And since then, America has struggled to rediscover a compelling patriotic language, though John F. Kennedy and Ronald Reagan made attempts. These days, patriotism has been domesticated into a set of innocuous rituals, largely affixed to sporting events. We sing the national anthem before baseball games. We chant “U-S-A” every two years at the Olympics. On Memorial Day, towns across the country hold parades at which Little Leaguers march waving small flags. Patriotic instincts probably run as deep in America as they ever have, it’s just that public expressions of patriotism tend to be nebulous.

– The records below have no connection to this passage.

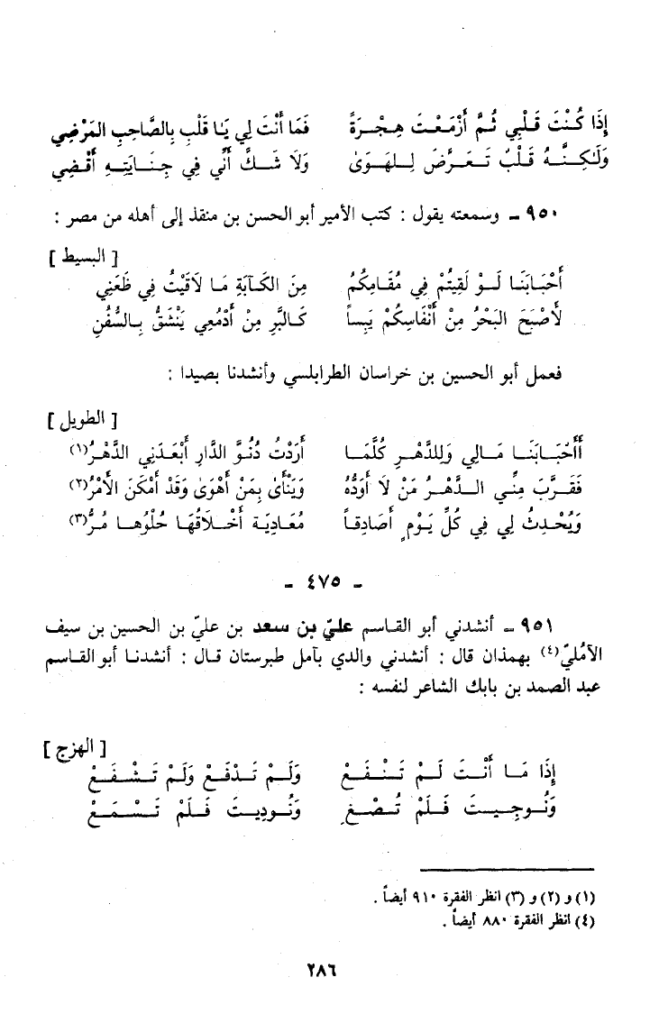 950 - وَسَمِعْتُهُ يَقُولُ كَتَبَ الْأَمِيرُ أَبُو الْحَسَنِ بْنُ مُنْقِذٍ إِلَى أَهْلِهِ مِنْ مِصْرَ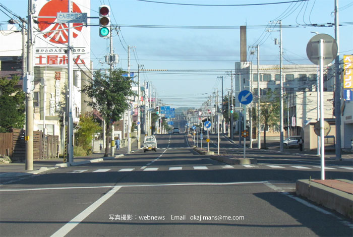 南岸通り、野付牛自動車学校前、奥がとん田通りの交差点
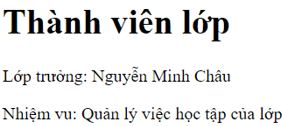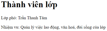 - Tạo trang web thanhvienlop.html có thành viên lớp như sau:

Moreover, the shapelessness of our patriotism seems symptomatic of a larger loss of definition throughout American culture. And many people, including McCain, seem to look to a new, crunchier patriotism as a way to heal our cultural woes.

America isn’t in a state of moral degradation and decay, as some of the Cassandras fear, but neither is it in a state that should make us content. If you drive around the country, looking into the cultural institutions of the middle class, you do not find widespread depravity or picturesque collapse reminiscent of the last days of Rome. Instead you see a nation that is good-hearted and bourgeois, and nobody should castigate the bourgeois virtues since they are responsible for most of the good things around us. But if there is a flaw, it is that American society may now be too bourgeois; it is tranquil to a fault. It is, as many social critics have noticed, characterized by a pervasive non-judgmentalism. Alan Wolfe calls this small-scale morality; Allan Bloom called it easygoing nihilism. Whatever its name, it is radically anti-contentious. Americans today are suspicious of vehemence, of people who radiate certitude. American culture recoils from those who try to “impose” their opinions or lifestyles. It is unfriendly to those who seem too passionately attached to higher ideals or who otherwise threaten to shake things up.

The public leaders who succeed tend to be soggy synthesizers. Winning politicians today weave together divergent ideas and march under oxymoronic banners: compassionate conservatism, practical idealism. They no longer aggressively push hard-edged creeds, as their counterparts did during the confrontational Reagan-Thatcher era. Instead they hold genteel and pluralistic “national conversations.” They empathize. They aim to show they can bring people together, not drive them apart. Even in the heat of the impeachment fight, neither party wanted to appear guilty of “partisanship,” redefined as a political sin.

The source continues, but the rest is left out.